MACS
MACS copied to clipboard
Spike-in + input normalisation with MACS
Hello,
I have a few questions on ChIP-seq experimental design, and normalisation by input vs spike-in control. I am working with different tissues, and would like to do the following:
- Identify peaks that are only present in some tissues/samples but not in the others
- Compare the levels of histone acetylation (what I've IPed) at specific peaks among different samples
- Visualise normalised tracks
From my understanding, 1. can be done by comparing the signal in ChIP vs input samples by MACS callpeak
, and this step does not make use of a spike-in control. My question is about the second point: MACS can compare peaks between samples with the bdgdiff
command, however if I understand this correctly, this is about enrichment of signal within a peak in sample 1 vs sample 2. For instance, if peak A in sample 1 comprises 1% of all mapped reads for sample 1, and the same peak comprises 20% of mapped reads for sample 2, bdgdiff would flag peak A as significantly enriched in sample 2. However, in a scenario where the global level of e.g. acetylation changes between sample 1 and 2, bdgdiff would not necessarily peak up this difference. E.g. if sample 1 had an "absolute"/global acetylation level of 1000, whilst sample 2 had an "absolute" acetylation level of 50, the "absolute" acetylation signal at peak A would be 1%*1000 = 10 for sample 1, and 20%*50 = 10 for sample 2. In this case, bdgdiff would still flag peak A as enriched in sample 2, but it could not work out that the "absolute" acetylation level is the same in each sample (right?). Incorporating a spike-in control would allow to pick up "absolute"/global differences, as in Egan et al. (2016).
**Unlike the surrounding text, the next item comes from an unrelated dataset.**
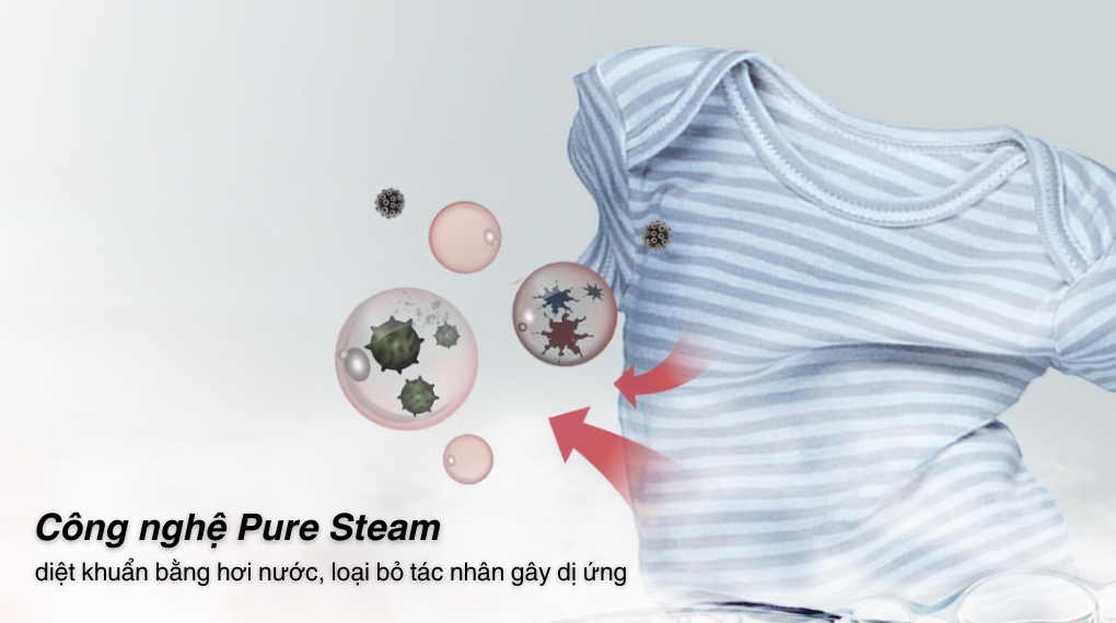 – Công nghệ Pure Steam được sử dụng ở giai đoạn cuối để khử mùi và diệt khuẩn, hỗ trợ giảm nhăn và bảo vệ sợi vải, đặc biệt hữu ích khi giặt đồ trẻ em hoặc quần áo cần chăm sóc đặc biệt.

My questions are: a) How can I incorporate spike-ins into my MACS analysis? Should I perform spike-in normalisation prior to running bdgdiff and or callpeak? If so, would it be the same calculation as in Egan et al. (2016), i.e. scaling the number of mapped dm6 (spike-in) reads by the lowest and multiplying these "correction factors" by the number of mapped hg38 reads (for both ChIP and input samples)? b) How can I incorporate spike-in normalisation for visualisation purposes? Would I need to do the spike-in normalisation on the bam files beforehand and then run callpeak, to get a bedgraph file which is both spike-in-normalised and also CPM-normalised? Or could I perform the spike-in normalisation after running callpeak on raw files, e.g. using deepTools to convert the bedgraph (from MACS) to bigwig including a scaling factor (bamCoverage --scaleFactor)?
Thanks for your time and apologies for the long post!
Have you solved the problem? I also want to know if it needs spikein in callpeak.